Принять решение о поездке в Россию было легко; значительно сложнее было добиться там всего задуманного. Антон предвидел, что его ждет на родине немало сюрпризов. Чтобы собраться с мыслями, выстроить в голове план действий, он уже на следующее утро отправился в свое любимое место в Пекине – городской парк. Высокое небо какой-то особой, пронзительной голубизны, какое бывает здесь только весной, свежая зелень, вишневые и яблоневые деревья в цвету – все это радовало его глаз, вдохновляло душу, давало надежду на будущее. И он не раз уже лечился здесь от хандры и печали.

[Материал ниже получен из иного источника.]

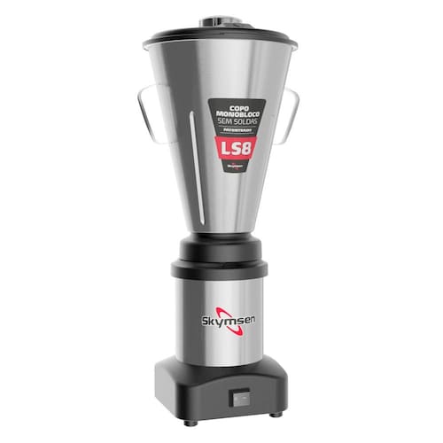 O Liquidificador Comercial Skymsen LS8 é ideal para restaurantes, cozinhas industriais, sorveterias, hotéis, cantinas, creches e hospitais, sendo referência em liquidificadores de baixa rotação. Com base e copo em aço inox, acoplamento metálico com eixo sextavado e motor de indução de 0,5 CV, entrega robustez e alta durabilidade. Possui rotação de 3.500 rpm, oferecendo torque suficiente para preparos pesados, quando liquidificadores de alta rotação não são recomendados. Perfeito para massas leves de bolos, sopas, sorvetes e pastas. Produzido a partir de uma peça única de aço inox e com formato em V, o copo cria um vórtice que direciona todo o alimento para as lâminas, garantindo trituração homogênea em menor tempo. Sem soldas nem frestas, com cantos arredondados, facilita a limpeza e higienização, evitando acúmulo de resíduos e mau cheiro. Conta com tampa de borracha atóxica com dosador, permitindo adicionar ingredientes durante o preparo.
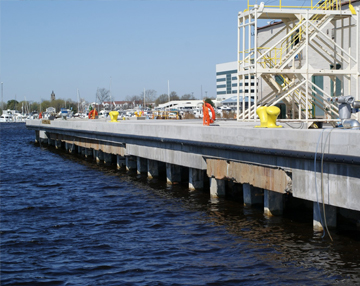 The works involved in refurbishment of offshore structure are rehabilitation of piles under water as well as in splash zone, beams and slabs of various structures such as cruise/ cargo terminal berth, tanker berths, jetty, harbours etc. Retrofitting with Micro concrete is the predominant method used for strengthening of piles, beams and columns. Gunniting is the method to rehabilitate slab and vertical areas of berth. The floor or walkways of terminals and berths are repaired using micro concrete screed. Steel structures are repaired by riveting and metalizing. We also undertake supply and fixing of fenders, bollards, mooring rings etc. Anti-Saline protective coating is provided in order to avoid further deterioration.

Медленно идя по дорожкам парка, Антон слушал пение птиц, вдыхал аромат весеннего города. На открытых лужайках парка жители Пекина имели обыкновение заниматься гимнастикой. Антон наблюдал этих людей круглый год, и поэтому статичность их гимнастических упражнений не удивляла его. Человек застывал, подняв руку или согнутую в колене ногу, повернув весь корпус или задержав голову в определенной позе… И в этой статике накапливалась сила. Так набирает силу пружина, так тигр готовится к прыжку. Так человек отдается покою перед грядущими испытаниями.

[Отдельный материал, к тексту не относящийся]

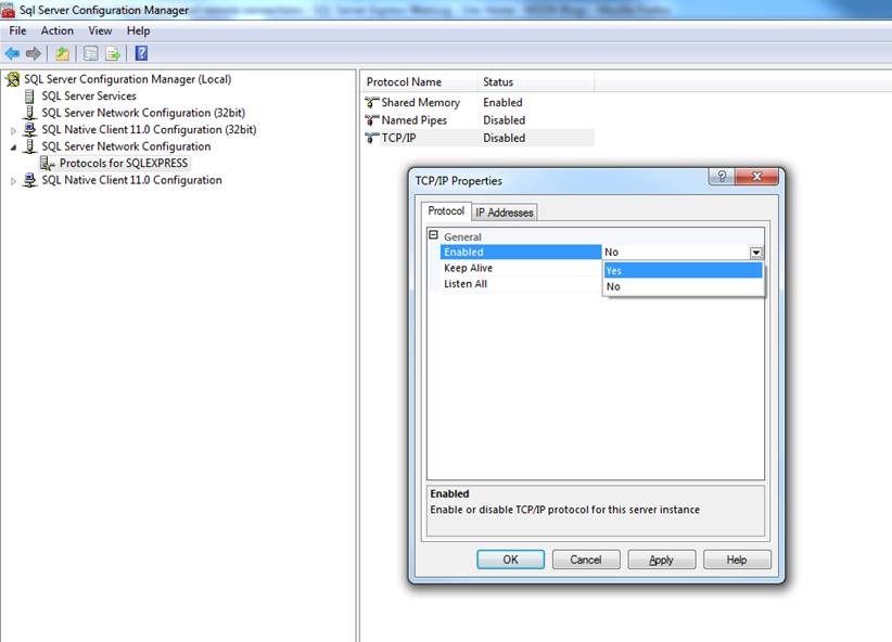 Enable TCP/IP to resolve the first error and restart the SQL Service:

Антон смотрел на молодых и старых пекинцев, на мужчин и женщин и думал, что ему тоже нужно собрать все силы перед прыжком в прошлое. Он ощущал, что в России его ждет нечто большее, нежели просто его предыдущая жизнь, – его ждет новое осмысление старых событий. Здесь, в Китае, он как бы начал жизнь заново, с нулевой отметки. Вместе с любовью приемных родителей, с новым языком и традициями этой восточной страны он впитал в себя и знаменитую китайскую стойкость и выносливость. Он стал выдержан и мудр.
Теперь он состоятельный китайский гражданин по имени Ло из рода Сяо. Все, что ему нужно от России, – это забрать у нее отца и сына. Прочее его больше не интересует. Лишившись памяти, он как будто лишился и состояния заброшенности, неприкаянности, одиночества, которые так мучили его в Москве.

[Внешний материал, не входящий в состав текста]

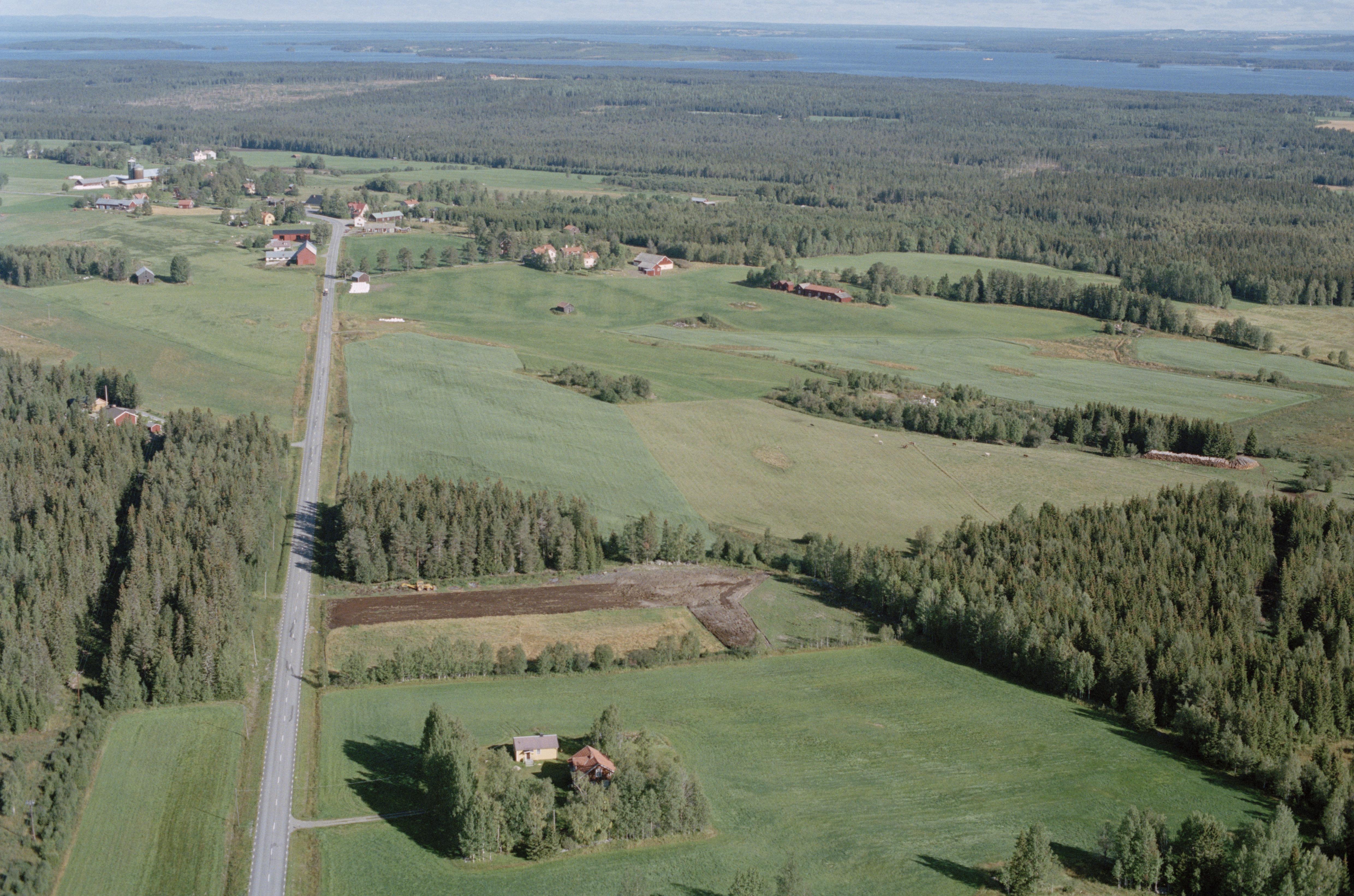 Beskrivning: Området Småängesåsen till vänster om bildens mitt. Mansgården i Marby by till vänster i bildens övre del. Vid gården bytomter RAÄnr Marby 192, 197 m.fl vid fossil åker Marby 82:1 m.m. Bilden är tagen mot (väderstreck): N

Российские визы были получены быстро, уже через несколько недель. Улетая в Москву, Антон имел на руках заграничный паспорт гражданина Китая, который ему выдали на основании документов, добытых доктором Сяо несколько лет назад.
В этом году весна в Москве была ранняя и бурная. В городе разом зацвели все деревья и кустарники, те, что обычно цветут по очереди, – яблоня, черемуха, сирень, жасмин. Молодежь, как ей и положено в это время года, теряла голову, а старики, обсуждая погоду, с опаской приговаривали: ох, не к добру, не к добру это!.. Уже на майские праздники в столицу пришло почти настоящее лето.
Однако Николай Васильевич Житкевич даже в эти солнечные дни, подаренные москвичам природой, чувствовал себя неважно. После отъезда внука на учебу за границу он нервничал и хандрил. Потеряв сына вслед за женой, а Костика – вслед за Антоном и не находя себе никакого применения в новой жизни, он в конце концов попросил бывшую невестку отправить его в ту же клинику, куда устраивал его когда-то Антон.
Старый ученый на склоне лет остался совсем один, и грусть его была велика. Удары судьбы превратили его в мизантропа. Теперь он жил только прошлым и, чтобы побороть одиночество, начал писать воспоминания. Работа отвлекала его от злой тоски и тяжелых дум. Режим в клинике для тех, кто уже выздоравливал, был вольным, и поэтому в свободные часы Николай Васильевич гулял по лесу, любовался расцветающей весной, наблюдал за птицами. А душевная боль все не утихала.
Гибель сына во цвете лет явилась для него жестоким испытанием. И он пытался описать и осмыслить главнейшие события своей долгой жизни в надежде, что когда-нибудь его записки прочтет внук и узнает, как они жили, во что вкладывали силы и душу и как любили друг друга… Тем более что сейчас говорят и пишут столько глупостей про советские времена! И Костик, оставшийся без отца, должен, по крайней мере, знать, кем были его дед с бабкой, каким выдающимся ученым обещал стать его отец.